Another single-plane intake issue is that with a common plenum, adjacent cylinders in the firing order can rob some of the air/fuel charge. For example, on a Chevy V-8 with the traditional 1-8-4-3-6-5-7-2 firing order, cylinder 7 fires right after cylinder 5 on the left bank, and cylinder 4 fires right after cylinder 8 on the right bank. At low engine speeds the first cylinder in each pair receives more of the intake charge at the expense of the second cylinder in the pair. This can make it hard to tune in off-idle transition performance, particularly in heavy vehicles with mild "highway" final drive ratios. At high rpm, this tendency pretty much goes away due to higher flow velocity. EFI has less of an issue with this problem because fuel injection doesn't depend on a vacuum signal to get the system working and is reduced even further on those higher-end port-fuel injection systems where injector bandwidth can be individually tailored to each cylinder.
Those old Ford FE big-blocks can really benefit from a high-rise dual-plane aftermarket aluminum intake. Some of the old iron factory FE intakes aren't too bad in the flow department, but they sure are heavy. This is Edelbrock's Performer RPM FE dual-plane intake manifold (PN 7101), a leg up in both power and torque for those ancient Fords. Photo: Edelbrock
Choose a high-rise dual-plane intake if you need a broad torque curve to enhance low- and midrange power at speeds less than 6,000 to 6,500 rpm.
Choose a dual-plane intake to tame a big carburetor.
Choose a dual-plane intake for better idle quality, off-idle throttle tip-in response, and better air/fuel charge distribution to the cylinders at low rpm.
Choose a dual-plane intake if you want longer runners to move the rpm band down.
Choose a dual-plane intake if you want a less peaky powerband with more rpm separation between the torque and horsepower peaks (more area under the curve).
Choose a dual-plane intake for more average power and torque.
Choose a dual-plane intake if you have mild gears in the rearend.
Choose a dual-plane intake if you just want to run an out-of-the-box carburetor without spending a lot of time dialing in the carburetor for best driveability.
Choose a dual-plane intake if you need an exhaust heat crossover passage for emission compliance and/or decent cold-start performance with a carburetor. (Exception: Edelbrock's RPM Air-Gap series or other manufacturers' equivalents don't have a crossover passage. )
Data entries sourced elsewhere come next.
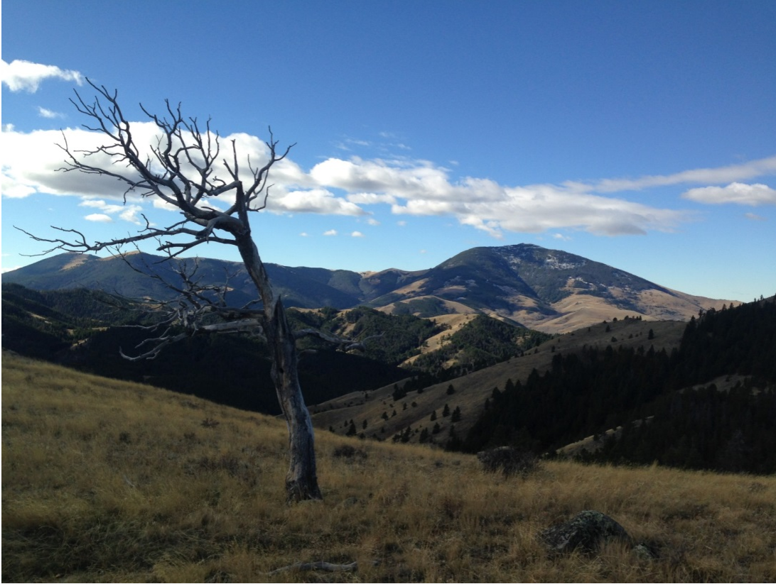
Figure 23. Looking west from ridge on Windy Mountain, view of North Peak (left) and Highwood Baldy (right)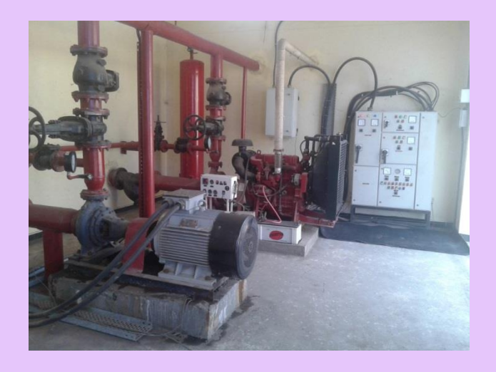
Completion of fire hydrant system, including main & jokey pump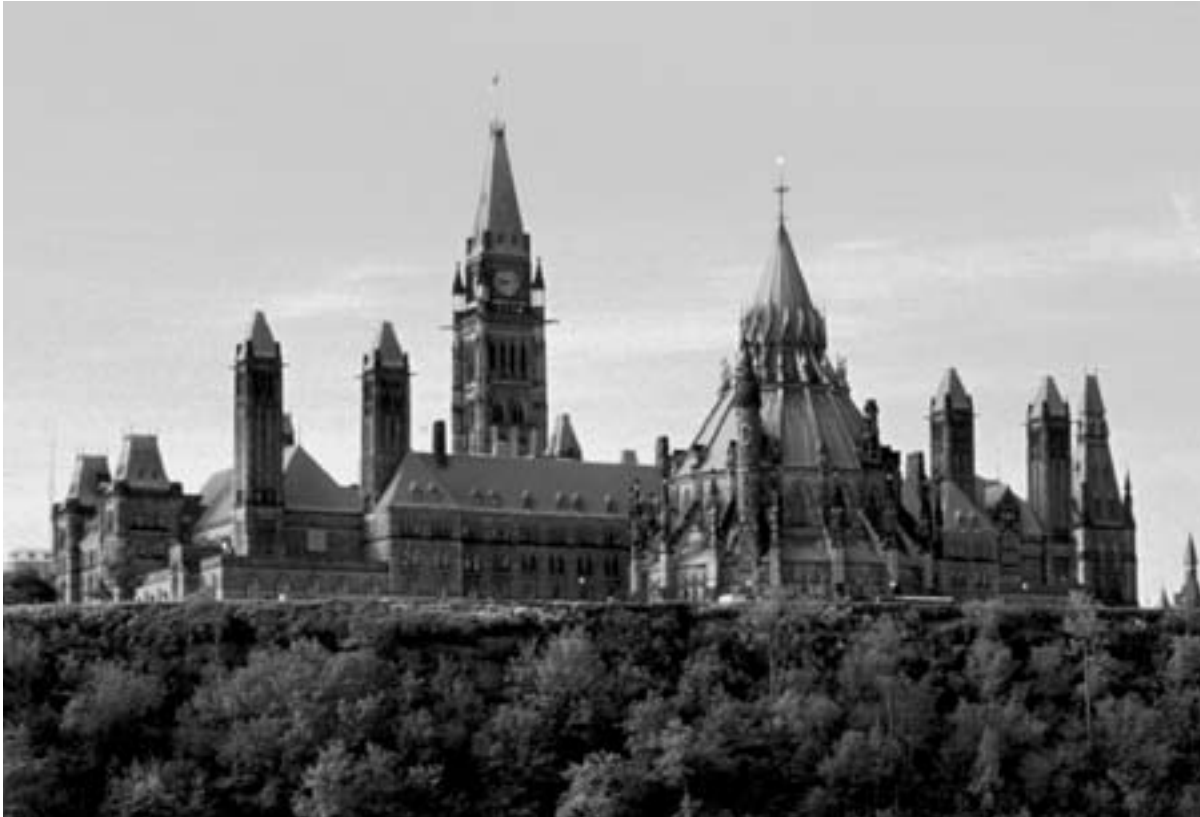
The Senate and the House of Commons meet in the Parliament Buildings.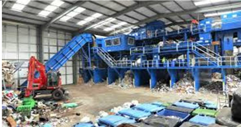
Fig. 1: Stadler Sorting Plant

For this plant, general waste is fed into the plant through a squeezer to break the waste down for transportation of the waste from the beginning to the end by a conveyor belt. A central monitoring system monitors the waste throughout the plant. A trommel screen machine rotates the waste to create spacing within them. The organic fractions machine separates the organic waste and non-organic waste, a ballistic separator machine shakes up waste to differentiate the heavy once from the lighter once. The rolling fractions take the waste up to the PET-PEHD machine which mixes the plastics and the waste is passed on to the quality control. Lighter waste like paper are blown up by air and then passed on for bailing. On the other hand, the residue is compressed and bailed for storage [6].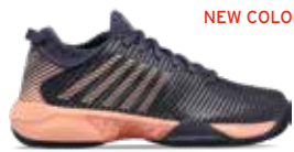
96617-032-M Graystone/Peach Nectar HB SOLE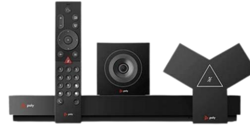
Teams & Zoom Rooms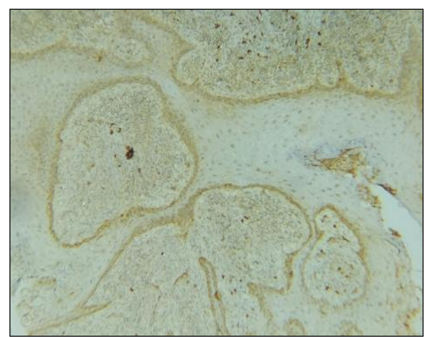
Fig 1: Negative Intracytoplasmic and Positive Basement Membrane Staining for Laminin in WDSCC (IHC, 10x)

* Fisher's exact test p value <0.05 indicates statistically significant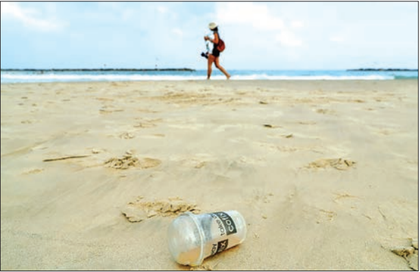
Waste litters beaches all over the world, but one South Korean mayor found there wasn’t enough on his local coastline, so he trucked in a tonne of rubbish for volunteers to pick up.

“We brought in waste styrofoam and other coastal trash gathered from nearby areas so the 600 participants could carry out clean-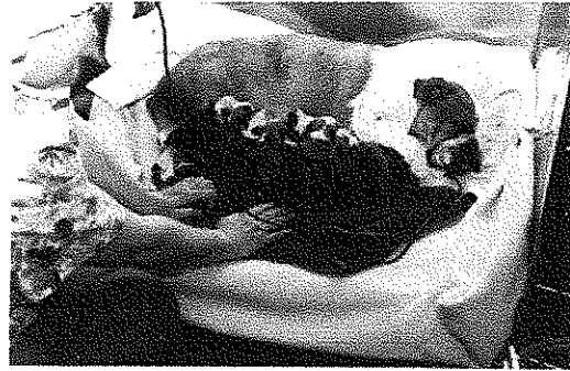
English Bulldog and puppies BVH, Massachusetts

"This stuff is so amazing. I just helped a Boston breeder with a fader—she did not believe anything could be done, but was willing to try something new (she had already bought a plant to put over the pups grave). The pup received Fresh-Frozen Plasma for 3 days. She can't believe the pup is still alive and is catching up to the other pups in weight. Thanks for another Happy Ending!" Chihuahua breeder from York Haven, PA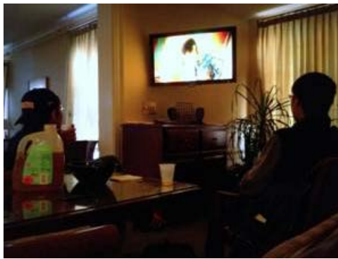
Students enjoying the movie 'Lorax'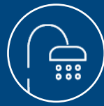
PRIVATE BATHROOM WITH SHOWER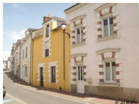
Fig. A15. City-center house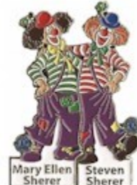
The two pin puzzle set. (February 2022-CC)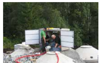
300 PE in Norway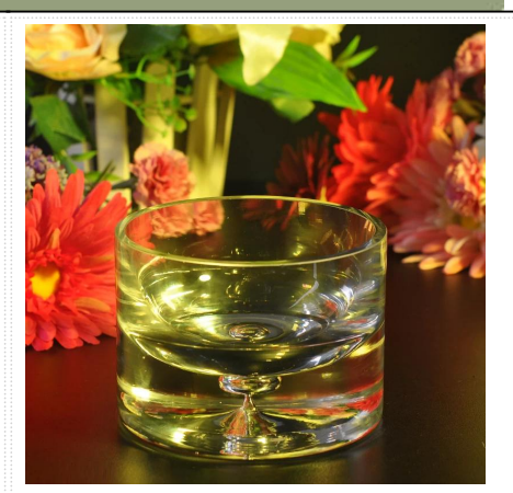
candle holder glass water drop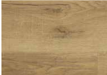
Avar Oak RET057SP

WATER PROOF FAMILY PROOF FADE RESISTANT HEAT RESISTANT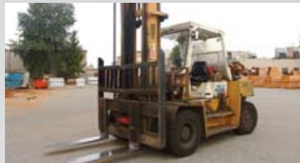
1 OF 2 TCM FD70 15,000LB FORKLIFTS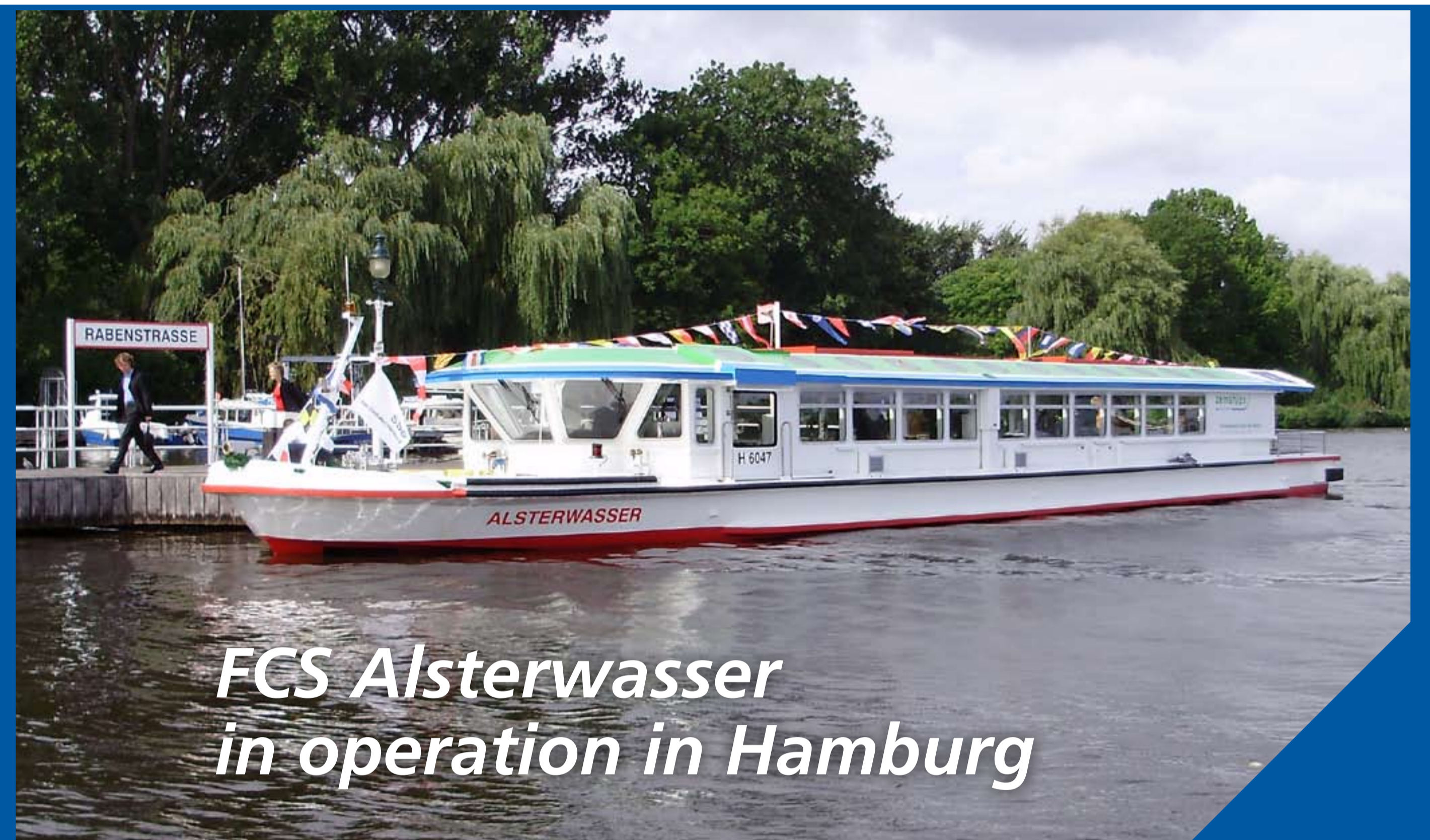
FCS Alsterwasser in operation in Hamburg

One of the best all-around dual-plane intake manifolds is this Edelbrock RPM Air-Gap (PN 7561) that fits big-block Chevy oval-port heads. If emission compliance isn't a factor but a dual-plane intake's broad powerband is still desirable, consider the Air-Gap series for any street engine. Unlike big E's Performer RPM series, as its name implies the RPM Air-Gap intakes keep the runners and plenum isolated from the valley and allow cooler air circulation under the plenum for greater air/fuel charge density. Also note the partially cut-down plenum divider that helps enhance top-end flow on a hungry big-block Chevy. Photo: Edelbrock
Stay Single Or Hook-Up With A Dual?
Although we've all seen and proven exceptions to these rules of thumb, in general when it comes to deciding between a single-plane vs. a dual-plane, mild carbureted street engines should use a modern high-rise dual-plane intake configuration, such as Edelbrock's Performer RPM or RPM Air-Gap (or other manufacturers' equivalents). For competition use with a matched camshaft, carburetor, torque converter, and steep rear gears, go with a single-plane intake manifold.